Laboratory of Signal Transduction and Proteomic Profiling, Weis Center for Research, Geisinger Clinic, Danville, PA 17821, USA.
FEBS Lett. 2012 Aug 14;586(17):2795-9. doi: 10.1016/j.febslet.2012.03.041. Epub 2012 Mar 28.
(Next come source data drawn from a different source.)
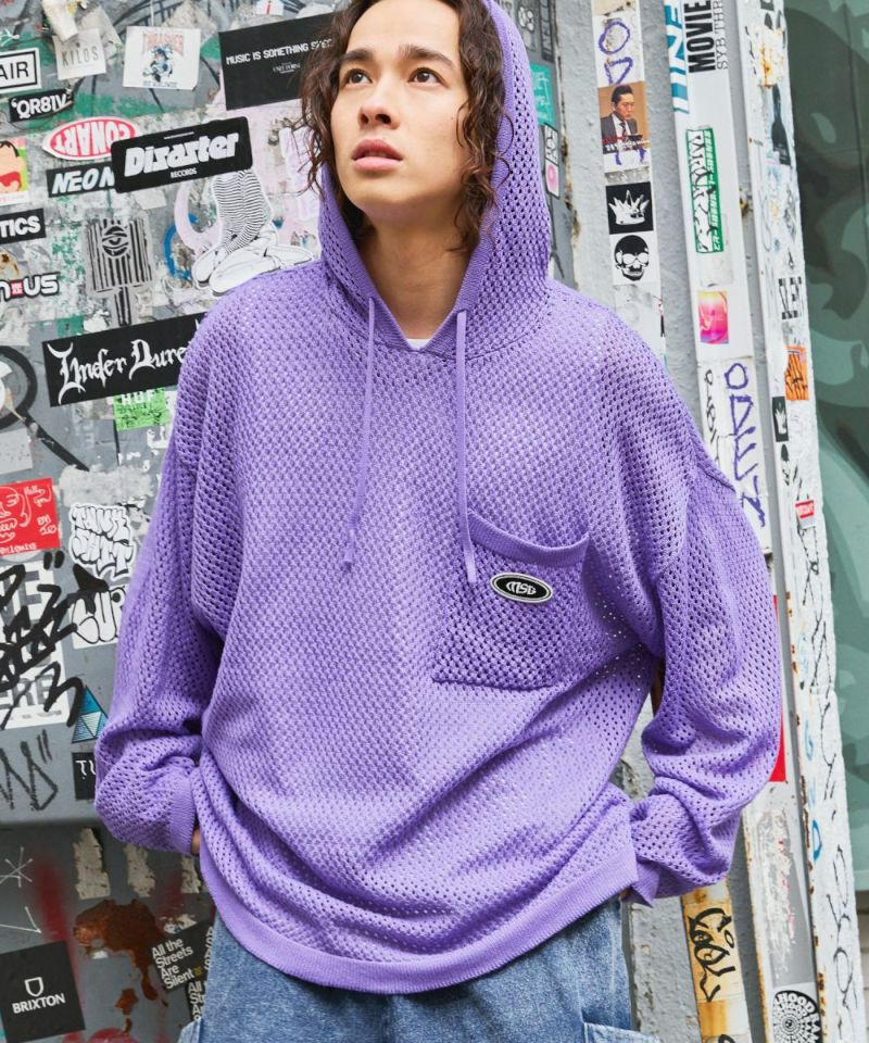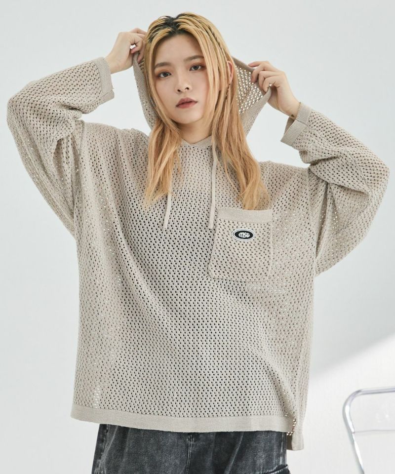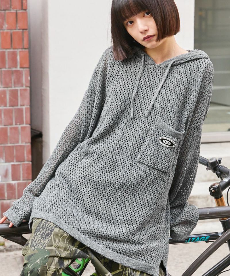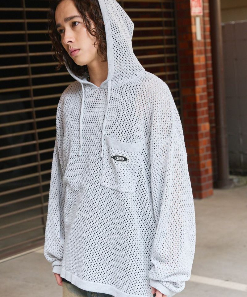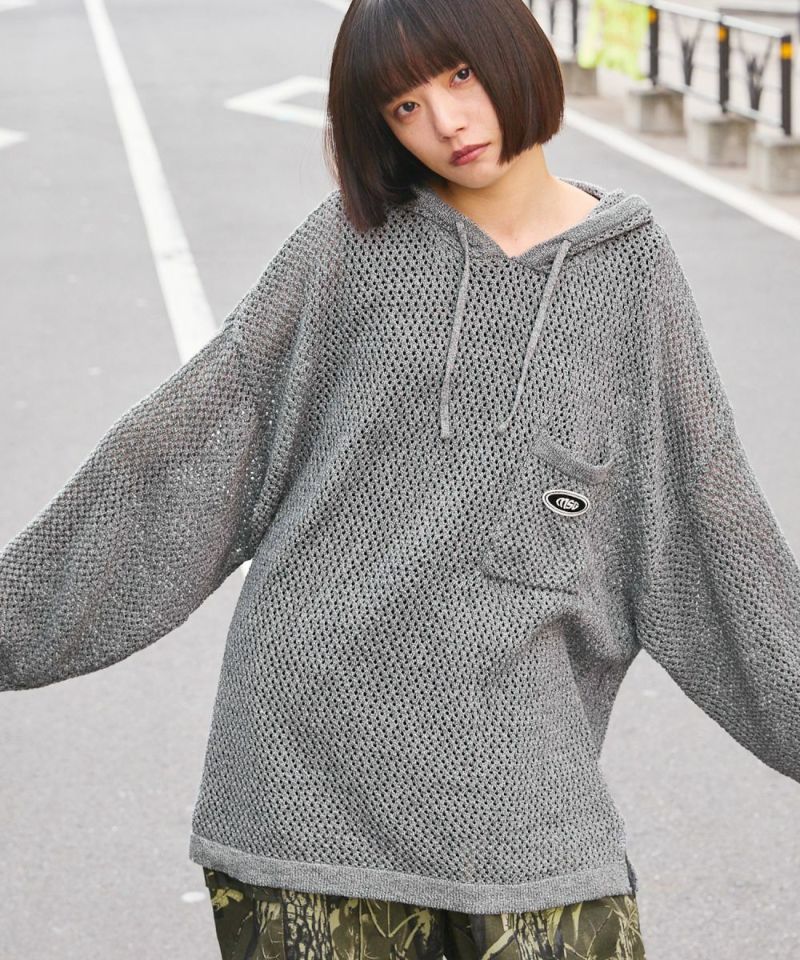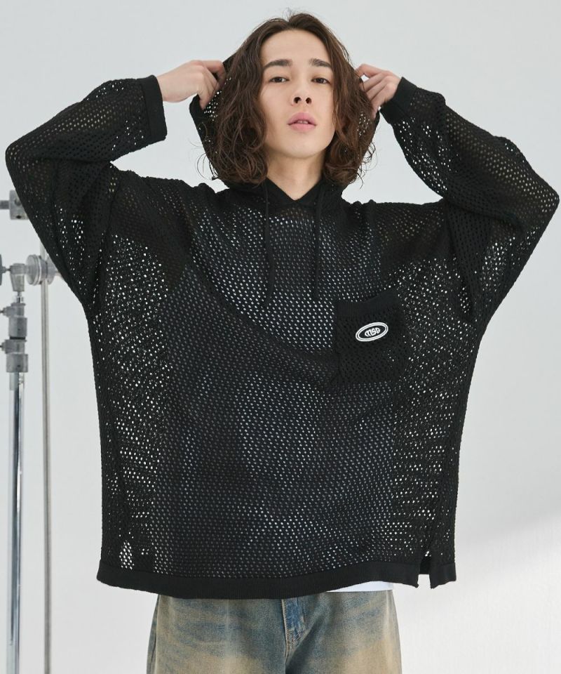オーバーサイズワッペン刺繍メッシュニットプルパーカー
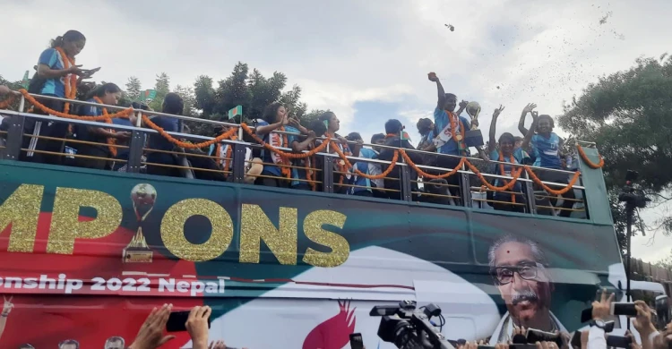 ছাদখোলা বাসে চড়ে বাফুফের পথে ‘সাফ চ্যাম্পিয়ন’ সাবিনারা
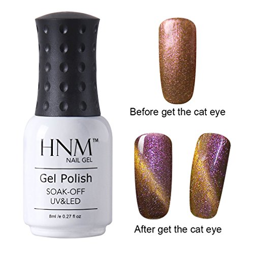 -. Feature : Brand: HNM, NON-TOXIC and Harmless Resin, High quality gel with low smell, good tenacity / Item Included: 1 X 8ml Color Gel Nail Polish / Amazing cat's eye effect and color-changing from different viewing angles / Need to cure under the UV or Led Lamp.Our gel nail polish is easy to apply just like normal color polish but much more DURABLE. Long lasting for at least 2-3 weeks.No grinding. No filing. No drying time after application.Color resistant, flexible and shiny resistant to any test. / Suitable for natural nails, UV gel nails, false nails, acrylic nails, nail tips, etc.

The WW domain-containing PQBP1 (polyglutamine tract-binding protein 1) protein regulates mRNA processing and gene transcription. Mutations in the PQBP1 gene were reported in several X chromosome-linked intellectual disability (XLID) disorders, including Golabi-Ito-Hall (GIH) syndrome. The missense mutation in the GIH syndrome maps within a functional region of the PQBP1 protein known as the WW domain. The causative mutation of PQBP1 replaces the conserved tyrosine (Y) at position 65 within the aromatic core of the WW domain to cysteine (C), which is a chemically significant change. In this short review, we analyze structural models of the Y65C mutated and wild type WW domains of PQBP1 in order to infer potential molecular mechanisms that render the mutated PQBP1 protein inactive in terms of ligand binding and its function as a regulator of mRNA splicing.
含 WW 结构域的 PQBP1(多聚谷氨酰胺结合蛋白 1)蛋白调节 mRNA 加工和基因转录。在几种 X 染色体连锁的智力障碍(XLID)疾病中,包括 Golabi-Ito-Hall(GIH)综合征,已报道 PQBP1 基因突变。GIH 综合征中的错义突变位于 PQBP1 蛋白的一个功能区域内,该区域称为 WW 结构域。导致发病的 PQBP1 突变将 WW 结构域芳香族核心中位置 65 的保守酪氨酸(Y)替换为半胱氨酸(C),这是一个具有化学意义的变化。在这篇简短的综述中,我们分析了 PQBP1 的 Y65C 突变和野生型 WW 结构域的结构模型,以推断潜在的分子机制,这些机制使突变的 PQBP1 蛋白在配体结合及其作为 mRNA 剪接调节剂的功能方面失活。